My brother and I used to watch that when I was a kid; or at least the first season. In my defense, I was nine years old (although I don't even know if that excuses it). All I can really remember is that the kid with the shield was the comic relief character. I didn't like it nearly as much as Thundarr the Barbarian (whose sidekick, Ucla the Mok--basically a Chewbacca ripoff, and whose name was pronounced "Ookla"--I learned recently was named after the University of Southern CA), which was another staple of my Saturday morning cartoon laden youth.

John D. Rateliff said...

Hi Ed

Thanks for the comment.

I don't think anyone shd ever feel self-conscious over what he or she liked as a kid. What fascinates me is revisiting some of the same books and shows decades later and discovering that some really were as good as you remember (e.g., Dr. Seuss) while others leave you shaking your head and wondering why they once had such appeal (e.g.

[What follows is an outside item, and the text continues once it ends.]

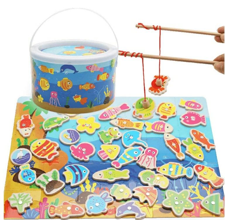 マグネット式釣りゲーム木製パズル知育玩具親子ゲーム子供おもちゃ楽しいおもしろい魚釣りバケツ安全無毒水なし釣り竿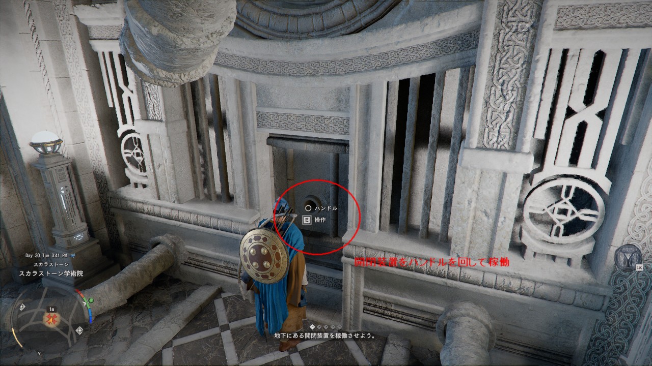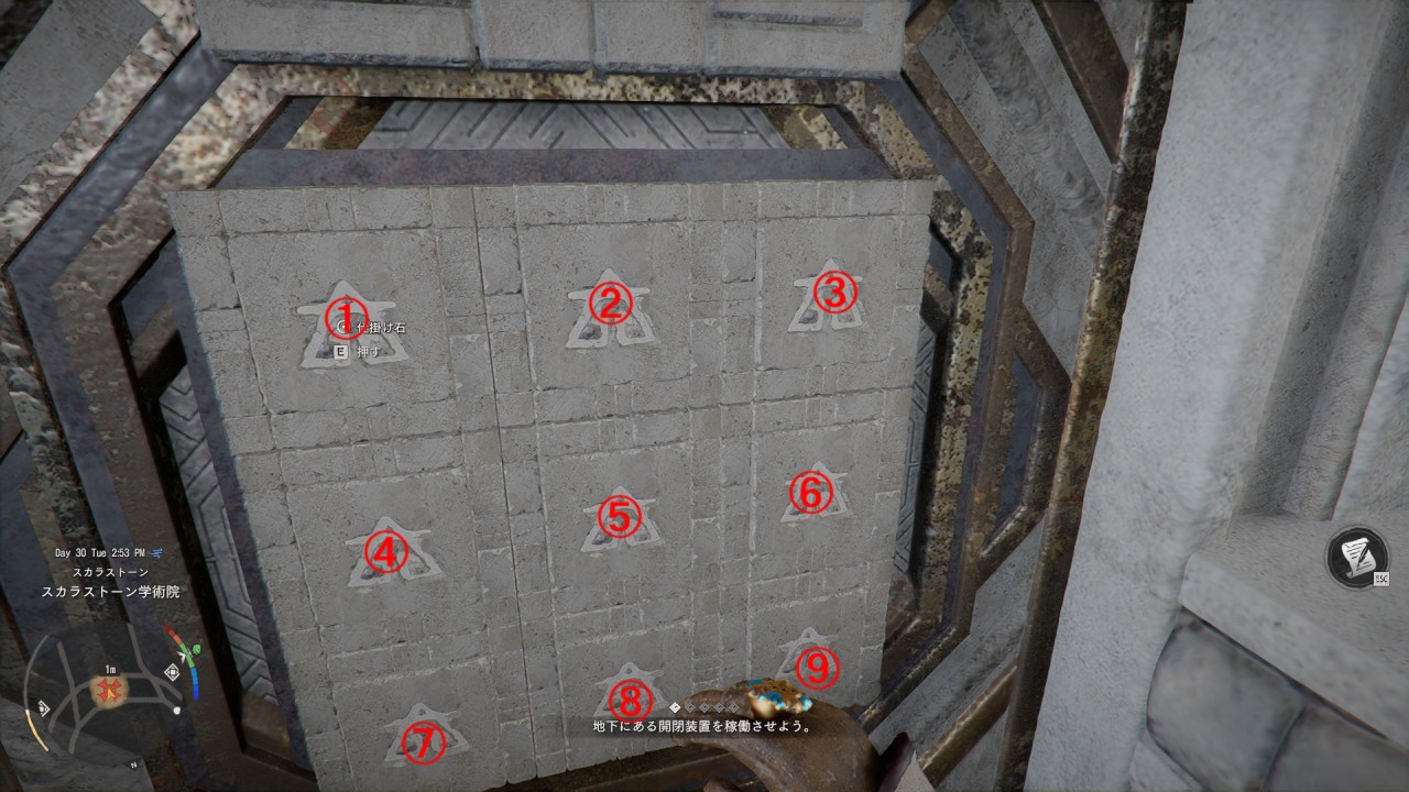 最初に石板を順番に押していきます。押す位置はPCの場合「WASD」キーを使って移動することができます。

PICKLES THE FIRE CAT).

--John R.

John D. Rateliff said...

By the way, turns out I'm not the first to think that skeevy figure in the background might be Gygax: cf. the following thread from a few years ago, esp. the comments by "Darian Graey", "Ashe Ravenheart", and "Crimson Jester".



morgenstern said...

I wouldn't say it's entirely fair to characterize Mark Hamill's career as "my-career-is-over, I'll-do-cartoon-voices-now" -- for one thing, Hamill's voice-over work predates his breakthrough role in Star Wars, specifically, he lent his voice talents to the film 'Wizards', which was released prior to Star Wars, in 1977.

Further, Hamill gained considerable recognition and a fan following solely for his work portraying the voice of the Joker for 'Batman: The Animated Series', so regardless of whatever on-screen talent he may (or may not) lack, he has demonstrated an unwavering ability to bring his unique talents and work ethic to his voice-over work.

Given this, I don't really believe it fair or fitting to negatively compare the sum of Mark Hamill's work post-'Star Wars', which includes other animated series, numerous appearances on Broadway in various plays, as well as live action TV roles, with that of Donny Most, whose role as Eric the Cavalier perhaps lasted all of three seasons on the D&D animated series.